Focusing on connection_info for rbd volumes now (and thanks to Matt
Riedemann's comments for the tips here). connection_info appears to be
properly refreshed for live migration in pre_live_migration() where
_get_instance_block_device_info() is called with refresh_conn_info=True
(see comment 9 above and
https://github.com/openstack/nova/blob/stable/queens/nova/compute/manager.py#L5977).

Is the fix as simple as flipping refresh_conn_info=False to True for
some of the other calls to _get_instance_block_device_info()? Below is
an audit of the _get_instance_block_device_info() calls.

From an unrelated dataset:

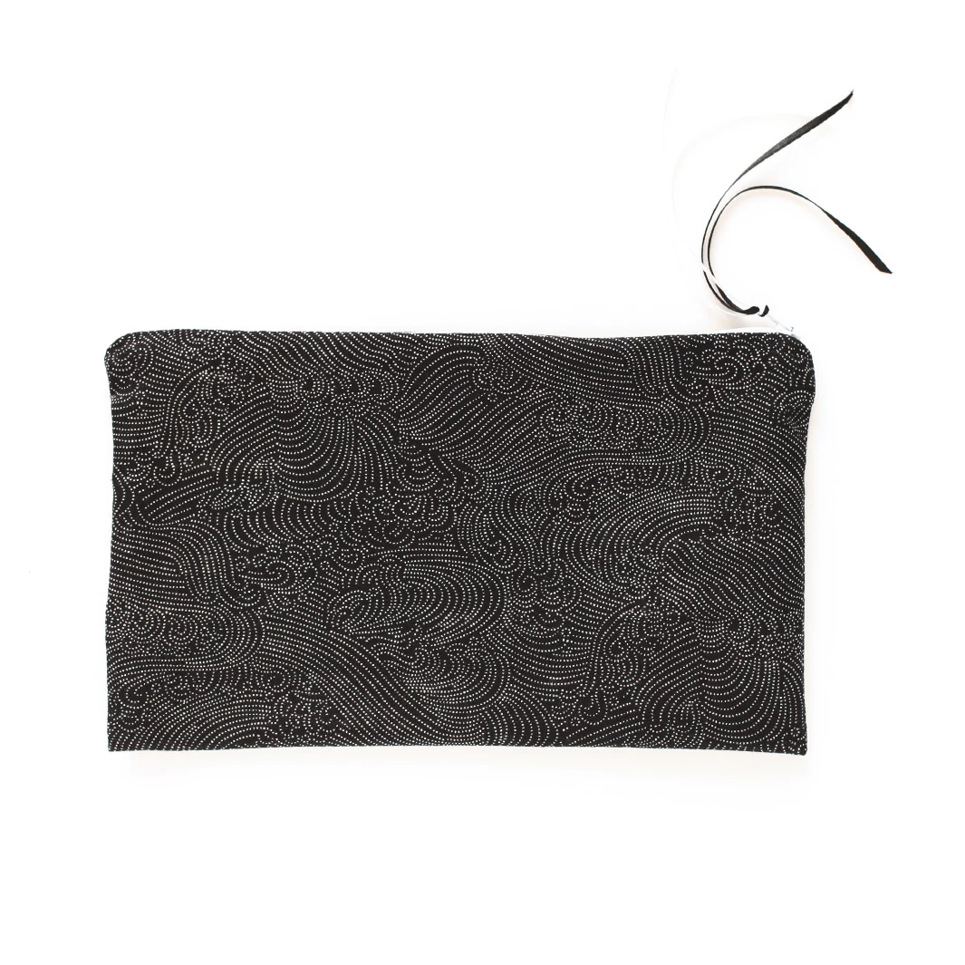 Trousse Plate en Tissus Japonais – Vagues Réalistes – Noir

Calls to _get_instance_block_device_info() with refresh_conn_info=False:
  _destroy_evacuated_instances()
  _init_instance()
  _resume_guests_state()
  _shutdown_instance()
  _power_on()
  _do_rebuild_instance()
  reboot_instance()
  revert_resize()
  _resize_instance()
  resume_instance()
  shelve_offload_instance()
  check_can_live_migrate_source()
  _do_live_migration()
  _post_live_migration()
  post_live_migration_at_destination()
  rollback_live_migration_at_destination()

Calls to _get_instance_block_device_info() with refresh_conn_info=True:
  finish_revert_resize()
  _finish_resize()
  pre_live_migration()

Based on xavpaice's comments in (see comment 13 above -- "... existing, running, instances were fine, fresh new instances were fine, but when we stopped instances via nova, then started them again, they failed to start ..."), it would seem that the following should also have refresh_conn_info=True:
  _power_on()              # solves xavpaice's scenario?
  _do_rebuild_instance()
  reboot_instance()

-- 
You received this bug notification because you are a member of Ubuntu
OpenStack, which is subscribed to nova in Ubuntu.
https://bugs.launchpad.net/bugs/1452641

Title:
  Static Ceph mon IP addresses in connection_info can prevent VM startup

Status in OpenStack Compute (nova):
  Confirmed
Status in nova package in Ubuntu:
  New

Bug description:
  The Cinder rbd driver extracts the IP addresses of the Ceph mon servers from the Ceph mon map when the instance/volume connection is established. This info is then stored in nova's block-device-mapping table and is never re-validated down the line. 
  Changing the Ceph mon servers' IP adresses will prevent the instance from booting as the stale connection info will enter the instance's XML. One idea to fix this would be to use the information from ceph.conf, which should be an alias or a loadblancer, directly.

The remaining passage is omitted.